One time there was an event going on underneath the Bridge at Claiborne and Orleans. True Love Movement was invited to be there, but the police came and made everybody move. I couldn’t understand it. It was bubbling, it was beautiful. They had so many hustlers out there popping up, they literally made everyone pick up and move to another location, I just couldn’t understand the humanity of that. And many people left at that time, so it didn’t end well. That’s all because somebody had to come put their hand in it, instead of letting people commune and organize together and hustle together.  I’ve been shooed away too from Bayou Road during Jazz Fest. Popping up out there, if you didn’t have a permit they make you leave. I feel disrespected as a citizen of New Orleans, that I can’t stand in a place to hustle. This is an experience that we’re having, that we are really under attack. We are not able to just be free– in the way we move around this country, in the way we move around New Orleans, and it has an impact on our self-esteem.

 

What is the significance of Claiborne and Orleans Avenue?

Sometimes your second lines popoff there, people set up out there.
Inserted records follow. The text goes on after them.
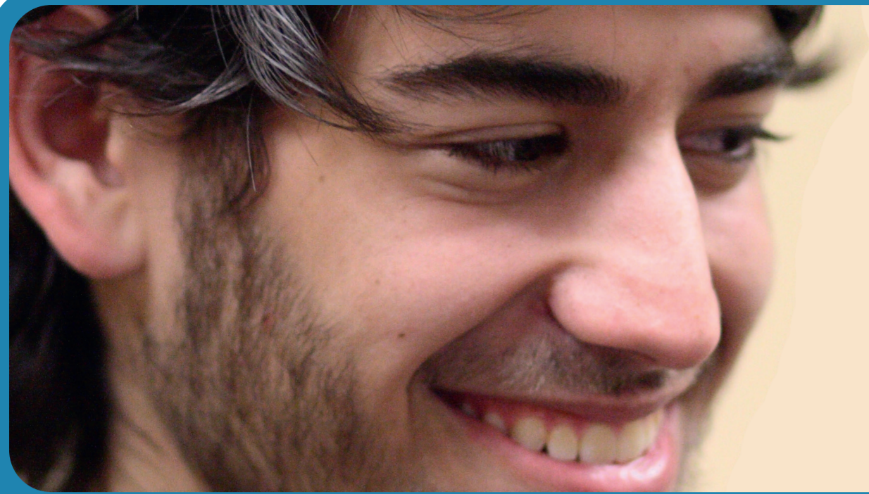
Aaron Swartz, 2009
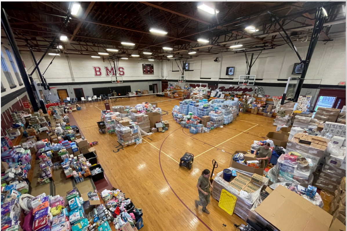
Joint Task Force NC continues to deliver essentials to those hardest hit by Tropical Storm Helene. Here's a glimpse from Mitchell County.
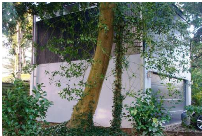
Picture7. Interesting contemporary solution that may have both support and criticism.

5.18. Although not legally 'curtilage listed' as this building post -dates 1948, this represents an interesting contemporary solution for a garage to south of the Coach House. It is appreciated this inclusion may be controversial because of views expressed to the fieldworker regarding a recently approved contemporary solution elsewhere in the village. However there is a place for contemporary solutions even in an historic environment. With the passage of time they may well be considered as being representative of the time in which they were built much as we appreciate the various design solutions of the past.
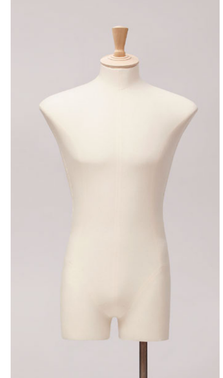
BUS07 | SOPHISTICATED

A slender and sophisticated bust form with a small chest makes this shape ideal for high fashion and slim-fitting garments.
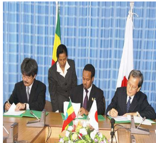
H.E. State Minister Ahmed and H.E. Amb Komano signing the Agreement

On May 14 2010, the Government of the Federal Democratic Republic of Ethiopia and the Japanese Government sign a grant agreement for 13.8 million USD (approximately 184.7 million birr) at the Ministry of Finance and Economic Development
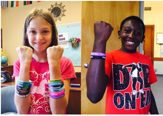
Vernon Owls IBelieve. IBelong. IBecome.

We have lots of fun new initiatives this year to help our students grow and develop as IB learners and leaders. One of the more popular is the IB Learner Profile bracelets. Students can earn bracelets for each of the 10 IB Learner Profiles by receiving Compliments or teacher awards. They can also earn bracelets for attendance. All students already received a purple Vernon Owls bracelet with our student mission: IBelieve. IBelong. IBecome, and many have already earned Compliments and are well on their way. This year, we will also have quarterly awards ceremonies and Specials (Art, Music, PE, Mandarin, Library) awards. Also, ask your kiddo about the Vernon Diner Olympics in the Café. Come grow with us!

The bridge has a huge significance because Claiborne Avenue, before the bridge was erected, was a long strip of Black owned business, it was the Black Mecca of New Orleans. And then they ran an interstate through it. They chose to run the interstate, straight through the businesses. Which cut off the community. It really made an economic impact on what was happening in that space. If anything, that space should be sacred, where nobody bothers nobody about nothing – as far as police bothering the community.

 

Tell us about what hustling means to you.

Hustling is saying “by any means necessary, I’m going to make what I need to make, regardless of your rules, your permits, and licenses.” I think hustling is something I saw my mama do, something I saw my grandmother do, something that’s embedded in who we are as a people. Hustling is like a spirit. It’s a response to oppression. It’s a spirit of resistance, a spirit of power. You feel like oppression has taken everything– or it feels like your back is against the wall. When you’re taking care of people and you’re taking care of yourself, you’re taking care of children and families, that feeling can do a number on how we feel about ourselves. … And the hustler spirit makes me feel powerful like I’m in control – I’m the one in control. If anything, Black people need that, that feeling that no one else is controlling me.